What you are asked to do: Output the listing exactly as written, apart from its pictures.

Given data:
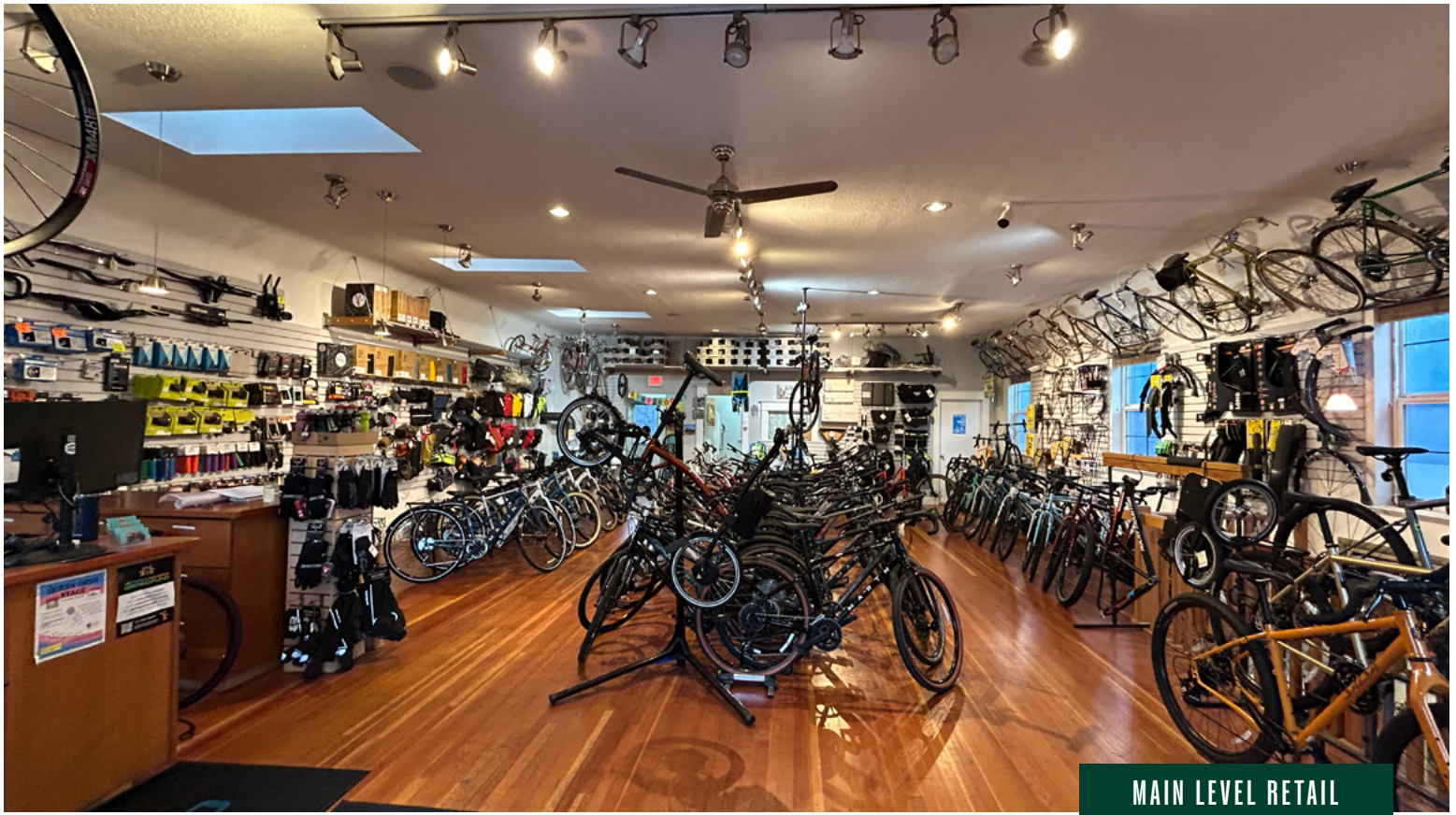
MAIN LEVEL RETAIL
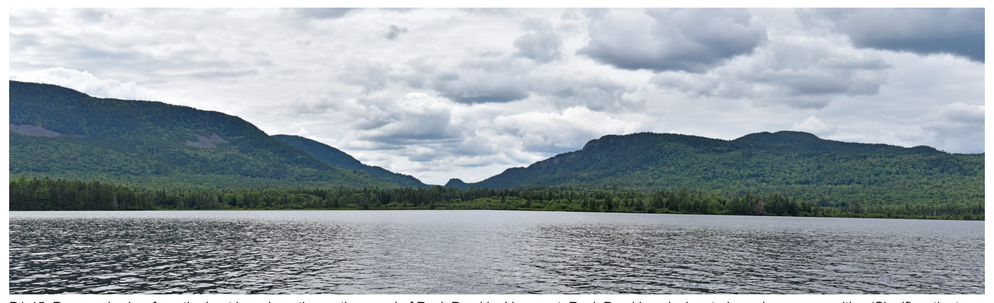
P1-15: Panoramic view from the boat launch on the northern end of Rock Pond looking west. Rock Pond is a designated scenic resource with a 'Significant' rating in the <u>Maine Wildlands Lake Assessment</u>. Portions of 7 structures and conductors and the corridor clearing will be visible above the tree line at a distance of 3,500'+/-. See Photosimulation in Appendix D for view from Rock Pond.
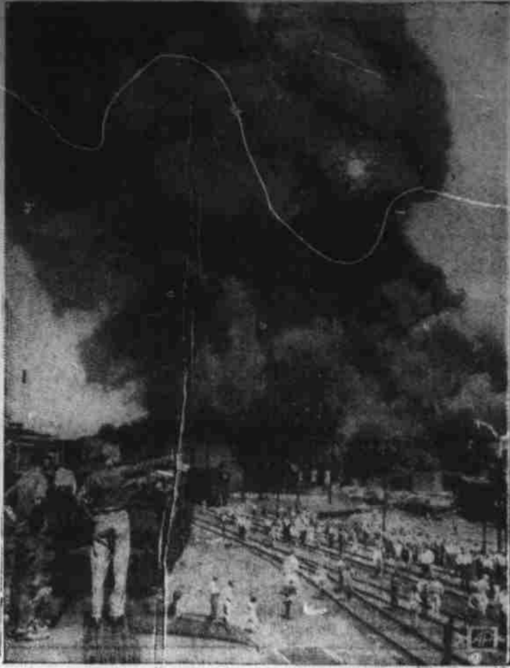
A terrifying pillar of dense black smoke boils into the sky from flames roaring through an industrial section of North Wilkesboro. The area was gutted and damage was estimated at $1,000,000. Starting in a big lumber plant, the fire destroyed it and 4,000,000 feet of lumber, an ice and fuel plant, and a flour and feed mill.
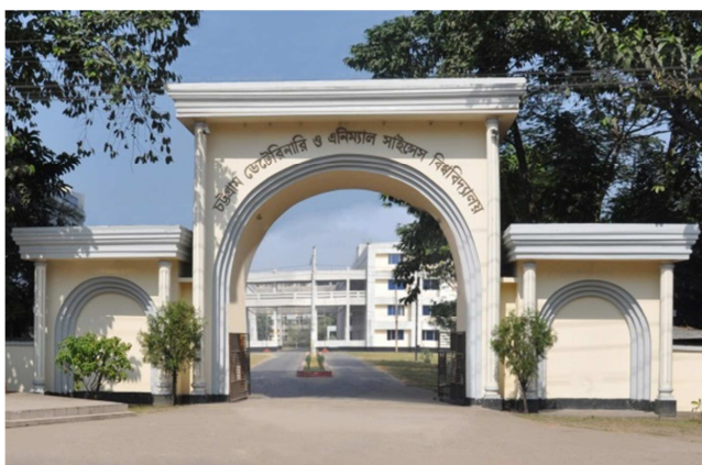
Figure 3. A part of Chattogram Veterinary and Animal Sciences University Campus.

There are three faculties; Faculty of Veterinary Medicine, Faculty of Fisheries and Faculty of Food Science and Technology at this university. Two Courses on English Language are offered to each faculty as Compulsory Course; Communicative English (Theory+Practical).
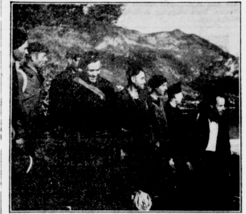
These French prisoners of war are all smiles as they look at their homeland during a stopover on the train trip from Germany to France. Some of them haven't seen France in five years, but this year they will be able to help their country celebrate Bastille Day (July 14, France's Fourth of July). Although the celebration, because of food and transport shortages, will be somewhat sober, it will be the first Bastille Day without Germans since 1939.

Result of the exercise:
MAIN LEVEL RETAIL
P1-15: Panoramic view from the boat launch on the northern end of Rock Pond looking west. Rock Pond is a designated scenic resource with a 'Significant' rating in the <u>Maine Wildlands Lake Assessment</u>. Portions of 7 structures and conductors and the corridor clearing will be visible above the tree line at a distance of 3,500'+/-. See Photosimulation in Appendix D for view from Rock Pond.
A terrifying pillar of dense black smoke boils into the sky from flames roaring through an industrial section of North Wilkesboro. The area was gutted and damage was estimated at $1,000,000. Starting in a big lumber plant, the fire destroyed it and 4,000,000 feet of lumber, an ice and fuel plant, and a flour and feed mill.
Figure 3. A part of Chattogram Veterinary and Animal Sciences University Campus.

There are three faculties; Faculty of Veterinary Medicine, Faculty of Fisheries and Faculty of Food Science and Technology at this university. Two Courses on English Language are offered to each faculty as Compulsory Course; Communicative English (Theory+Practical).
These French prisoners of war are all smiles as they look at their homeland during a stopover on the train trip from Germany to France. Some of them haven't seen France in five years, but this year they will be able to help their country celebrate Bastille Day (July 14, France's Fourth of July). Although the celebration, because of food and transport shortages, will be somewhat sober, it will be the first Bastille Day without Germans since 1939.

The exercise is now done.